We have seen up till now that by the end of the second century A.D., Jainism spread in Kalinga, Magadha, Malwa, Mathura and Ujjain. Besides these regions, its existence in Gujarat and Kathiawad is evidenced by the inscription of Jayadāman's grandson in a cave at Junagadh which refers to Kevalajnāna, a technical term denoting omniscience among the Jainas.253
Before, however, we go to western India and Gujarat, we shall see the state of Jainism under the powerful Gupta empire. It would be better for us to treat Gujarat, western India and Rajputana separately as they have long been known to be centres of Jainism.
The Gupta Empire :
The period from the extinction of the Kushānas upto the advent of the Guptas is one about which we have scanty material not only regarding Jainism alone but also pertaining to the history of India as a whole.

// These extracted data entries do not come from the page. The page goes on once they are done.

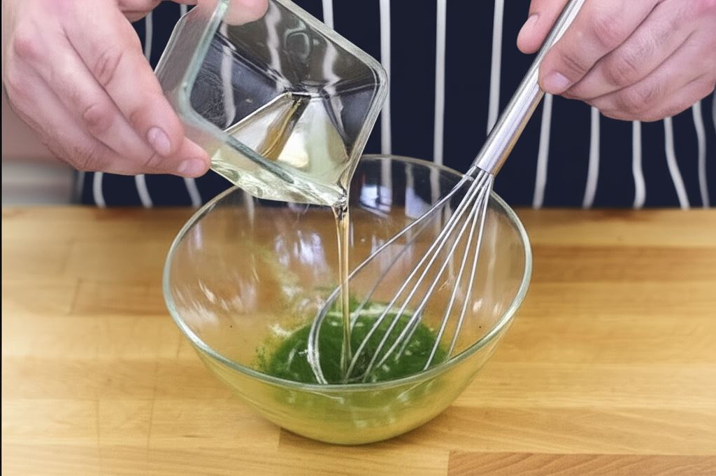 Zawartość saszetki Knorr wymieszaj w miseczce z trzema łyżkami wody i olejem. Wszystko starannie połącz.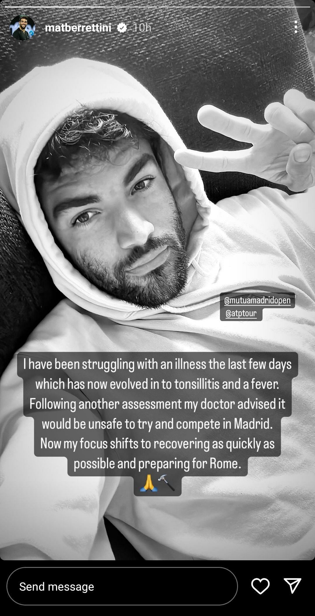"I have been struggling with an illness the last few days which has now evolved into tonsillitis and a fever. Following another assessment my doctor advised it would be unsafe to try and compete in Madrid," Berrettini wrote in an Instagram post.
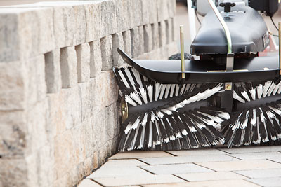 • De Borstel wordt vanuit het midden aangedreven. Voordeel: zo kun je zonder zijborstels en vanuit iedere hoek langs een muur vegen. De borsteldruk is daarbij traploos instelbaar, eveneens laat de veegrichting zich gemakkelijk in vijf standen verstellen. De ergonomische stuurboom kun je gemakkelijk aan jouw lichaamsgrootte aanpassen.
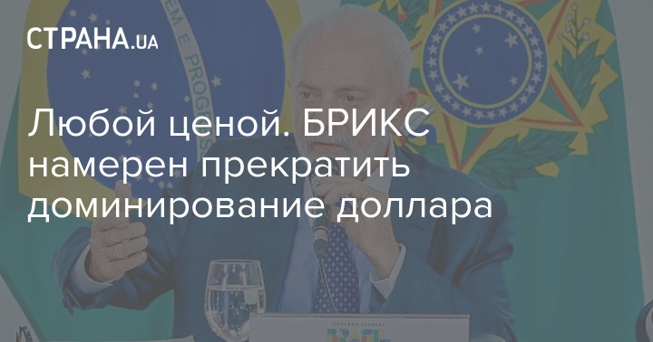 Президент Бразилії Луїс Інасіу Лула да Сілва заявив, що економічний блок БРІКС сповнений рішучості покласти край домінуванню долара США за будь-яку ціну.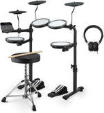 Termasuk 4 x 6 drum set elektronik mesh head, 3 x 8 rubber simbal pad dengan full strike zone, rak metal yang kokoh, modul suara drum, kursi drum, stik drum, headphone, dan kabel, semua yang Anda butuhkan agar anak-anak dapat menikmati asyiknya bermain drum.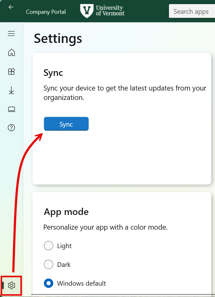 - Once Company Portal loads, click on the Settings tab () in the left hand navigation bar and then click the Sync button.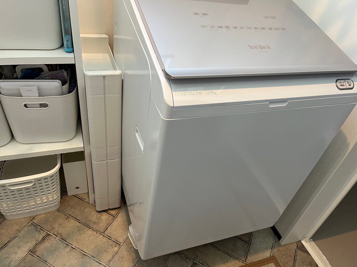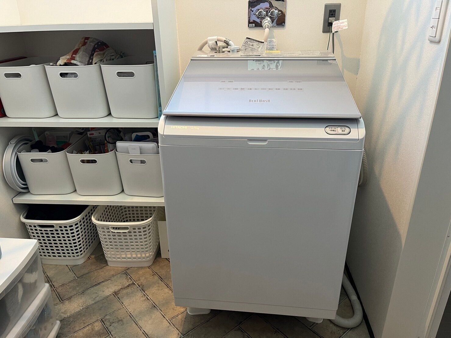 わが家の脱衣所には洗濯機置き場の横に備えつけの棚があります。(棚の収納には無印のやわらかポリエチレンケースを使用しています。)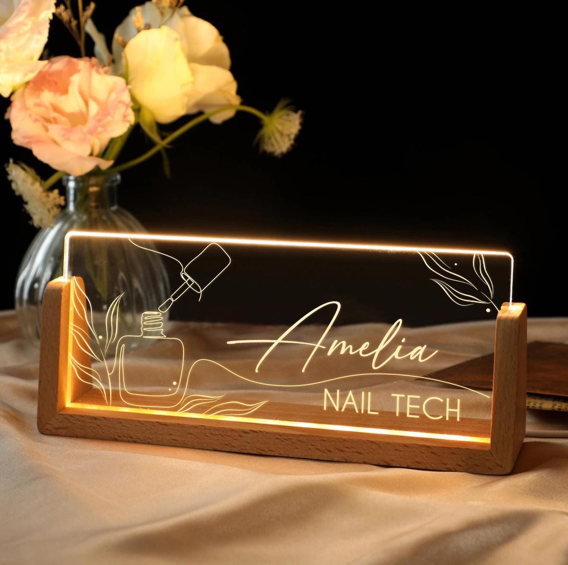 Personalized Nail Artist Desk Name Plate, Nail Tech Gift, Nail Styl...

The rule of the Guptas has been looked upon by many scholars to be the period of the consolidation of Brāhmanism.254
It would, however, be wrong to suppose that the Guptas were fanatical Vaishnavites. On the contrary, it would be better to call them the best exanıples of religious toleration because they did not seem to suppress other faiths.
This tolerant spirit of the Guptas has been evidenced both by literary as well as by epigraphic corroboration. For instance, the Kuvalayamālā of Udyotanasūri255 (s. 700) refers in its introductory verses to a certain Torarāya and his guru Harigupta belonging to the dynasty of the Guptas. This Tora king has been identified with the Hūņa king Toramāna (death, first decade of the 6th cent. A.D.). Harigupta also has been identified with the Harigupta of a copper coin bearing the name, by CUNNINGHAM. It may therefore, be said that the Guptas were not certainly anti-Jaina.
This can further be evidenced by a few epigraphs belonging to the reigns of Kumāragupta and Skandagupta which go to prove that Jainism also flourished modestly side by side with Brāhmanism and Buddhism.
253. E.I., XVI, 239; LUDERS' List, 966: Date lost. 254. DANDEKAR, A Hist. of the Guptas, pp. 185-86. 255. Article of JINAVIJAYA in JSS, III, pp. 169ff.